Я обнаружила это, спустившись вниз в одиннадцать. Занятия в школе начинались только через три дня, и я, повзрослев на год, уже вовсю осваивала двенадцатичасовые периоды отключки, пытаясь с помощью сна переварить весьма распространенное у подростков откровение: жизнь — дерьмо. Войдя в кухню, я обнаружила маму сидящей у стола с опущенной головой. Макияж у нее размазался, глаза покраснели. Перед ней в пепельнице лежала зажженная сигарета. Вторую мама зажимала в пальцах. А в другой руке у нее было письмо.

— Твой отец нас бросил, — сказала она. Голос звучал ровно, без всяких эмоций.

— Что? — переспросила я, не в силах переварить новость.

— Он ушел и больше не вернется. Вот здесь все сказано.

Мама помахала письмом.

— Он не может так сделать.

— Еще как может — и сделал. Здесь все сказано.

— Но сегодня утром… он же был дома, когда ты встала.

Она заговорила, уставившись в пепельницу:

— Я приготовила ему завтрак. Я отвезла его на вокзал. Я предложила вместе сходить на субботнюю распродажу в Вестпорте. Он сказал, что приедет назад в 7:03. Я спросила, будет ли он на ужин бараньи отбивные. Он сказал: «Конечно… только брокколи не нужно». Он чмокнул меня в щеку. Я заехала в супермаркет, купила баранины. Я приехала домой. И нашла вот это.

— Так он его оставил до того, как вы поехали на вокзал?

— Когда мы шли к машине, он сказал, что оставил эту свою паркеровскую ручку, и вернулся. Видно, тогда-то он и оставил записку.

— Можно мне посмотреть?

— Нет. Это личное. Тут говорится такое… — Она оборвала себя и глубоко затянулась. Потом вдруг посмотрела на меня, и в глазах у нее промелькнуло что-то вроде зарождавшегося гнева. — Если бы только ты не сказала…

Что? — прошептала я.

Она подняла письмо к самому лицу. И громко прочла:

Вчера вечером, когда Джейн заявила, что «никто на самом деле не счастлив», решение, которое я вынашивал — и откладывал — годами, внезапно перестало казаться мне неосуществимым. После того как ты ушла спать, я долго сидел в гостиной, размышляя о том, что жить мне осталось еще лет тридцать пять или даже меньше, если учесть, сколько я курю. И невольно подумалось: хватит уже, с тебя довольно этого. Наша дочь права: счастья нет. Но, по крайней мере, покончив с нашим браком, я буду мучиться меньше, чем сейчас.

Мама швырнула письмо на стол.
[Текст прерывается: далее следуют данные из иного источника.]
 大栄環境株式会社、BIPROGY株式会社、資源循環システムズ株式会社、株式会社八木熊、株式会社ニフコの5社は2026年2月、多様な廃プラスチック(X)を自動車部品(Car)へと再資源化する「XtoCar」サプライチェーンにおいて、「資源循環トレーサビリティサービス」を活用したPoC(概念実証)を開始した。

Мы долго молчали. Я тогда впервые испытала это странное болезненное чувство — будто земля уплывает из-под ног.

— Зачем ты сказала ему это? — спросила мама. — Зачем? Он бы и сейчас был здесь, с нами, если бы только…

При этих словах я вскочила, бросилась к себе в комнату и, шумно хлопнув дверью, упала ничком на кровать. Но я не разрыдалась. Мне просто показалось, что я падаю. Слова что-то значат. Слова важны. Слова на нас влияют. А мои слова привели к тому, что папа стал собирать вещи. Все дело во мне.
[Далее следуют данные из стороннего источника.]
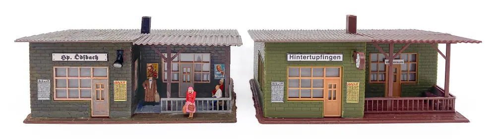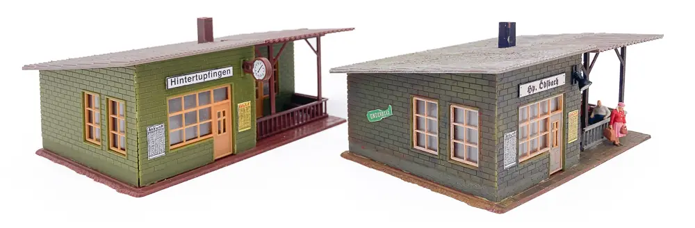 Am Beispiel des Haltepunkt „Hintertupfingen“ und dem Stellwerk „Waldbrunn“ der Firma Faller möchte ich den Unterschied zeigen, den ein fabrikneuer Gebäudebausatz zu einem patinierten und mit zusätzlichen Details ausgestattetes Gebäude ausmacht. Dazu habe ich von „Hintertupfingen“ zwei Bausätze gekauft, einen nach Anleitung zusammen gebaut, den anderen zusätzlich „gesupert“, wie man in der Szene sagt. Vom Stellwerk habe ich nur einen Bausatz erworben. Ich denke aber, dass die Bilder dennoch genügend aussagekräftig sind.

Через час или около того мама поднялась и, постучавшись в мою дверь, спросила, смогу ли я когда-нибудь простить ее за то, что она сказала. Я не ответила. Она вошла и увидела меня на кровати — я лежала, свернувшись в тугой клубок, прижав к животу подушку.

— Джейн, дорогая… Прости меня.

Я еще крепче вцепилась в подушку и не открывала глаз. Мне не хотелось на нее смотреть.

— У меня язык всегда бежит впереди мозгов…

Ты мне это и раньше сто раз говорила.

— И мне было так плохо, так тяжело…

Слова что-то значат. Слова важны. Слова на нас влияют.

— Мы все говорим что-то, совсем не это имея в виду…

Но ты сказала именно то, что имела в виду.

— Ну, пожалуйста, Джейн, пожалуйста…

В этот момент я зажала уши руками, чтобы не слышать ее. В этот момент она вдруг воскликнула:

— Ладно, ладно, будь такой расчетливой и жестокой… как твой папаша… — И выскочила из комнаты.

По правде говоря, я и впрямь хотела быть расчетливой и жестокой: я хотела отплатить матери за те беспощадные слова и за свойственный ей нарциссизм (хотя этого слова я тогда, разумеется, не знала). Проблема состояла в том, что я абсолютно не умела быть расчетливой и жестокой, во мне этого просто не было. Дерзкой — да. Раздражительной — наверное… и, определенно, замкнутой, уходившей в себя от малейшей обиды или просто при столкновении с любыми жизненными неурядицами. Но даже в тринадцать лет любые проявления злобы или жестокости меня отвращали и казались мерзкими. Поэтому, услышав, как мать рыдает, сидя на лестнице, я силком заставила себя подняться, как мне ни хотелось остаться в защитной позе эмбриона. Сев рядом с ней на ступеньку, я обняла ее одной рукой и положила голову ей на плечо. Прошло не меньше десяти минут, пока маме удалось взять себя в руки и перестать плакать навзрыд. Наконец, успокоившись, она на несколько минут скрылась в ванной, чтобы восстановить на лице выражение вымученной бодрости.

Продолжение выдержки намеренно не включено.